You have indicated that your test is, as best you could tell so far, coming in very close to central lab tests since you get to see both data.

Yes, I think we have proven that, Walter, in the independent trial by Fred Apple. Our data would be equivalent, indeed, better than some central lab systems when that was done. That's independent of us, okay?

And therefore the conclusion in question is the central lab level that you are -- have generally been comparable to on this trial would meet the criteria the FDA has indicated the need for a new approval -- I realize this is very simple -- for a new point-of-care troponin test.

I think you can -- that's a reasonable statement, Walter.

To be very clear -- to be very, very clear, we are absolutely confident that we might meet the FDA guidelines. Absolutely, we are confident about. And we feel that we meet by very comfortably with plenty of -- basically plenty to spare.
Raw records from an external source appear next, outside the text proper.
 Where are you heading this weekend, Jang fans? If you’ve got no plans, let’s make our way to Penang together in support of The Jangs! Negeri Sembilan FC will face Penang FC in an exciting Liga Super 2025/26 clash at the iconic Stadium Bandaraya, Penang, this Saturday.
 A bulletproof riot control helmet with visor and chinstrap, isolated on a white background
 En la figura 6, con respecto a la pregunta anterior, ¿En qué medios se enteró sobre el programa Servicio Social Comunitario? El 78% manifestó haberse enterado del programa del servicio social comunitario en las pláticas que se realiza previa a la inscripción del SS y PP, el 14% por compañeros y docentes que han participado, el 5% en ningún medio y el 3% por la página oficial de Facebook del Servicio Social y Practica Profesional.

And that would mean, just to again reiterate, you would be substantially more accurate than any of the current point-of-care tests in the marketplace.

Walter, we, again, we know that and it is not just -- it is independently proven. Again, if you look at some of the work Fred Apple did when he evaluated our product. The best product in the market, right now, undoubtedly, on point of care is the Abbott i-STAT product, okay? The others don't count as far as I'm concerned. The Abbott i-STAT product is the best product in the market. In an independent trial done by Fred Apple, again, about the year or 18 months ago, I noted two separate trials but the Trinity Biotech products, he got a sensitivity at time zero 75%. On the i-STAT products in a similar trial conducted about six months prior to that, he got a sensitivity of 32%. So that's just independent data. I have a 32%, Trinity Biotech, 75%. It's fair to say, we're better than Abbott based on that result, and that's independent, not done by us.

Okay, thank you very much.

Okay, thank you. I know we ran on a bit longer so sorry for being maybe too lengthy but in any event thank you to everybody and talk to you soon. Bye.

The conference has now concluded. Thank you for attending today's presentation. You may now disconnect.